Being able to match varying sets of characters is the first thing regular expressions can do that isn't already possible with Python's string module. However, if that was the only additional capability of regexes, they wouldn't be much of an advance over string. The second capability is that you can specify that portions of the RE must be repeated a certain number of times.

The first metacharacter for repeating things that we'll look at it is *. * doesn't match the literal character "*"; instead, it specifies that the previous character can be matched zero or more times, instead of exactly once.

For example, ca*t will match "ct" (0 "a"characters), "cat" (1 "a"), "caaat" (3 "a"characters), and so forth. The RE engine has various internal limitations, stemming from the size of C's int type, that will prevent it from matching over 2 billion "a" characters; you probably don't have enough memory to construct a string that large, so you shouldn't run into that limit.

Repetitions such as * are greedy; when repeating a RE, the matching engine will try to repeat it as many times as possible. If later portions of the pattern don't match, the matching engine will then back up and try again with few repetitions.

A step-by-step example will make this more obvious. Let's consider the expression a[bcd]*b. This matches the letter "a", zero or more letters from the class [bcd], and finally ends with a "b". Now imagine matching this RE against the string "abcbd".

Step   Matched   Explanation  
1 a The a in the RE matches. 
2 abcbd The engine matches [bcd]*, going as far as it can, which is to the end of the string. 
3 Failure The engine tries to match b, but the current position is at the end of the string, so it fails. 
4 abcb Back up, so that [bcd]* matches one less character. 
5 Failure Try b again, but the current position is at the last character, which is a "d". 
6 abc Back up again, so that [bcd]* is only matching "bc". 
6 abcb Try b again.

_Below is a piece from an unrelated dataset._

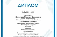 Поздравляем Хисматову Миляушу Шамилевну, получившую Диплом за 3 место во Всероссийском педагогическом конкурсе "Наши пернатые друзья" в номинации "Педагогические проекты".

This time but the character at the current position is "b", so it succeeds. 

The end of the RE has now been reached, and it has matched "abcb". This demonstrates how the matching engine goes as far as it can at first, and if no match is found, it will then progressively back up and retry the rest of the RE again and again. It will back up until it's tried zero matches for [bcd]*, and if that subsequently fails, it will conclude that the string doesn't match the RE at all.

Another repeating metacharacter is +, which matches one or more times. Pay careful attention to the difference between * and
regexp+; * matches zero or more times, so whatever's being repeated may not be present at all, while + requires at least one occurrence. To use a similar example, ca+t will match "cat" (1 "a"), "caaat" (3 "a"'s), but won't match "ct".

There are two more repeating qualifiers. The question mark character, ?, matches either once or zero times; you can think of it as marking something as being optional. For example, home-?brew matches either "homebrew" or "home-brew".

The most complicated repeated qualifier is {m,n}, where m and n are decimal numbers. This means there must be at least m repetitions, and at most n. For example, a/{1,3}b will match "a/b", "a//b", and "a///b". It won't match "ab", which has no slashes, or "a////b", which has four.

You can omit either m or n; in that case, a reasonable value is assumed for the missing value. Omitting m is interpreted as a lower limit of 0, while omitting n results in an upper bound of infinity -- actually, the 2 billion limit mentioned earlier, but that might as well be infinity.

Readers of a reductionist bent may notice that the 3 other qualifiers can all be expressed using this notation. {0,} is the same as *, {1,} is equivalent to +, and {0,1} is the same as ?. It's better to use *, +, or ?, simply because they're shorter and easier to read.